■ Provided material ■
*** Begin section ***
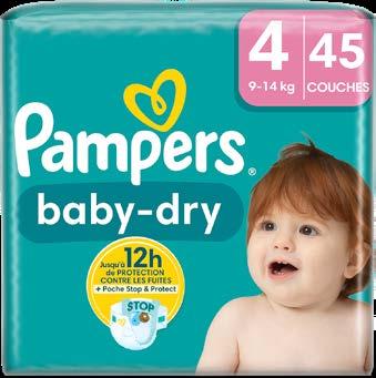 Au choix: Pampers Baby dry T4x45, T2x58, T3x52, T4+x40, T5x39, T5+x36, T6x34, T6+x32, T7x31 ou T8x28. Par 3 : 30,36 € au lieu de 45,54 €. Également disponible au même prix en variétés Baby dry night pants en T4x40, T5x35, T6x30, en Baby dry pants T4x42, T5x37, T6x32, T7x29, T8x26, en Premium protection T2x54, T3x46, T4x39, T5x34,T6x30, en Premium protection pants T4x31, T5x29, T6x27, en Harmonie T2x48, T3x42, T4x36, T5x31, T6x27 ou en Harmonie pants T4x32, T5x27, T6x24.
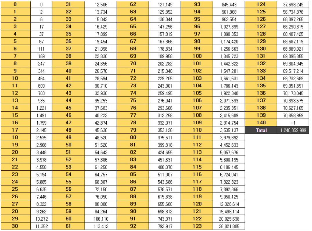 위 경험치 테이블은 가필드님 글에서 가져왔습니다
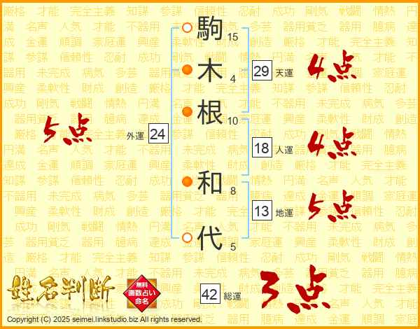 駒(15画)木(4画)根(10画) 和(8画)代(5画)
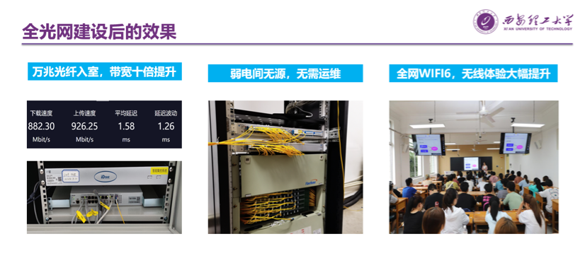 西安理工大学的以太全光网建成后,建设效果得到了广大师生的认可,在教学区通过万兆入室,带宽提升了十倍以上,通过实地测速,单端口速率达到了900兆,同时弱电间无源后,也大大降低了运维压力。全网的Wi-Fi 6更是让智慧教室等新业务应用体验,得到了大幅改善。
*** End section ***
■ Your objective ■
Copy only this, please: the line with "위 경험치 테이블은 가필드님 글에서 가져왔습니다" and every line after it through the end of the data, with no pictures.

■ Solution ■
 위 경험치 테이블은 가필드님 글에서 가져왔습니다
 駒(15画)木(4画)根(10画) 和(8画)代(5画)
 西安理工大学的以太全光网建成后,建设效果得到了广大师生的认可,在教学区通过万兆入室,带宽提升了十倍以上,通过实地测速,单端口速率达到了900兆,同时弱电间无源后,也大大降低了运维压力。全网的Wi-Fi 6更是让智慧教室等新业务应用体验,得到了大幅改善。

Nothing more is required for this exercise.